Amazon Blues


The phone I ordered from Amazon for delivery 11/21 still hasn’t arrived. Although “Next Day Delivery” was my only selection criteria, the expected arrival date immediately changed to 11/25. On the 25th, it changed to the 29th. On the 29th, it changed to 12/5.

On the 29th, I ordered the same phone from Walmart and got it two days later. Great. Now to cancel the order for the first phone.

I sent a message to the chatbot. AI must stand for Aggressively Ignorant. Rather than canceling the order, they sent me a return label. My money is tied up until they get the return.

Calling Amazon isn’t an option. If the chatbot can’t help, you’re f*cked. Full stop.

Dirty rotten bastards.

Other than being unable to get the new phone into the Otter case, the transition went well. I did almost everything at home before heading to the T-Mobile store to make the switch. The young man behind the counter was helping someone else, so I took a seat and waited.

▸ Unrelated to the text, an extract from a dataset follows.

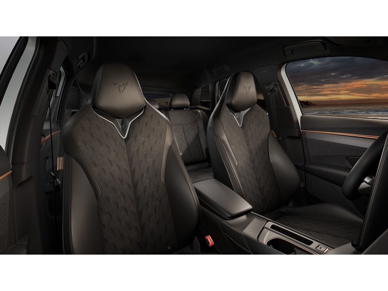 InterieurAutomatisch dimmende binnenspiegelBestuurdersstoel en bijrijdersstoel in hoogte verstelbaarDakhemel uitgevoerd in zwartFrames om luchtuitstroomroosters in Copper en Dark AluminiumKuipstoelen vóór met geïntegreerde hoofdsteunLendesteunverstelling voorstoelen handmatigMattenset CUPRA, uitgevoerd in blauw (Deep Ocean)Moon Light (suede-look)Multifunctioneel verwarmbaar stuurwiel met start–en CUPRA–knop en schakelpaddelsSportpedalen, uitgevoerd in aluminiumSupersport stuurwiel in CUPRA design

And waited, and waited, and waited. He finally finished 45 minutes later. I’m so proud of myself. I didn’t make faces, sigh loudly or say something ugly the whole time. Ten minutes later, I was on my way home, phone switched and in the case.

My issue with Amazon, however, is unresolved and pissing me off. I’ve had Prime for years, more for the rarely-watched video than the infrequently used free delivery. As soon as this issue is resolved, I’m canceling my subscription.

Take that, Bezos. You won’t get another dime from me. I’m taking my business elsewhere. Customer service matters, and your company offers none. If you can’t handle the volume, maybe you shouldn’t be so damn big.

There. My rant won’t make any difference, but at least I feel a little better. As always, thanks for stopping by.